» Problem description:
The lines to transcribe begin with the one containing "二楼是给老人布置的房间,护理床、紧急呼叫器、安全扶手都是标配" and end with the last line below; reproduce them exactly, without the pictures.

» Data shown:
****************************************
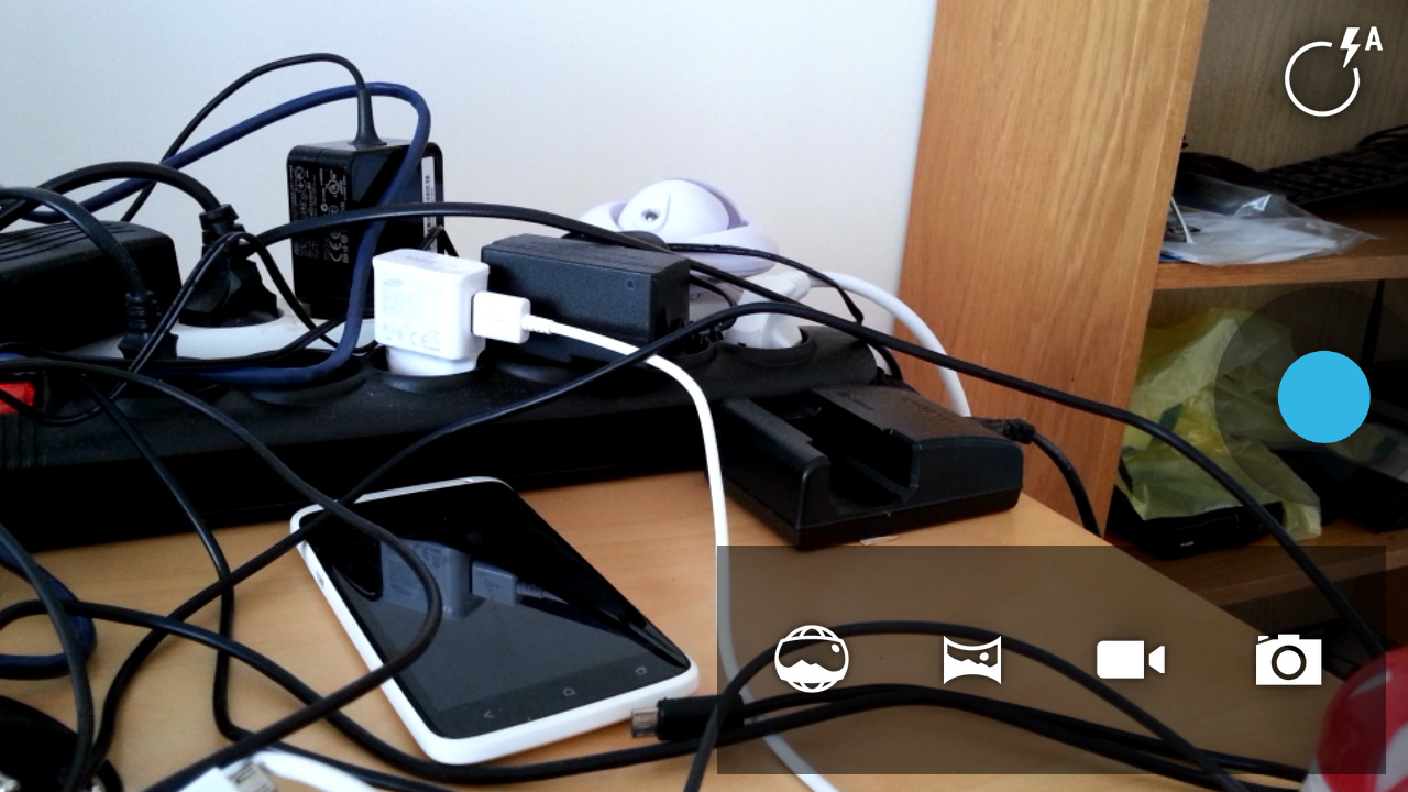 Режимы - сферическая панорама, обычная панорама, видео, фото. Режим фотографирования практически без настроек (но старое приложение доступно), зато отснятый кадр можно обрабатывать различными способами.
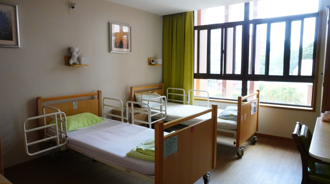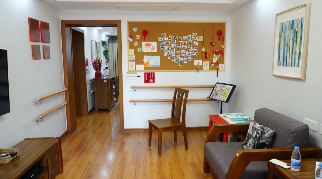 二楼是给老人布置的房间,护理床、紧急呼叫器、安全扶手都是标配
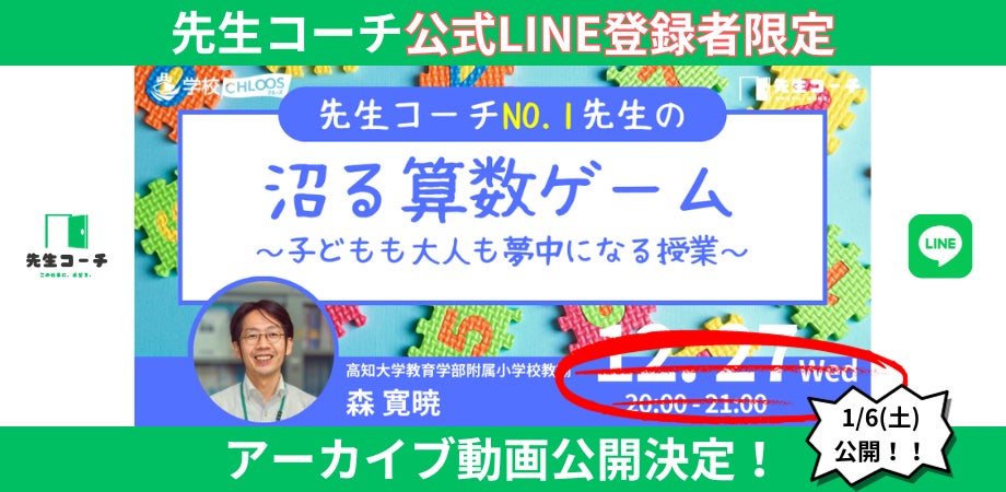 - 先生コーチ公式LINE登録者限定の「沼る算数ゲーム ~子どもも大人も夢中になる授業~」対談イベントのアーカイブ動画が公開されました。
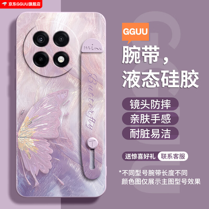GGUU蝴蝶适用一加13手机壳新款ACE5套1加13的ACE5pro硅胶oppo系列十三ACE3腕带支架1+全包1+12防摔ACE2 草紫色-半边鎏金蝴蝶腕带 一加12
****************************************
» Answer to the problem:
 二楼是给老人布置的房间,护理床、紧急呼叫器、安全扶手都是标配
 - 先生コーチ公式LINE登録者限定の「沼る算数ゲーム ~子どもも大人も夢中になる授業~」対談イベントのアーカイブ動画が公開されました。
GGUU蝴蝶适用一加13手机壳新款ACE5套1加13的ACE5pro硅胶oppo系列十三ACE3腕带支架1+全包1+12防摔ACE2 草紫色-半边鎏金蝴蝶腕带 一加12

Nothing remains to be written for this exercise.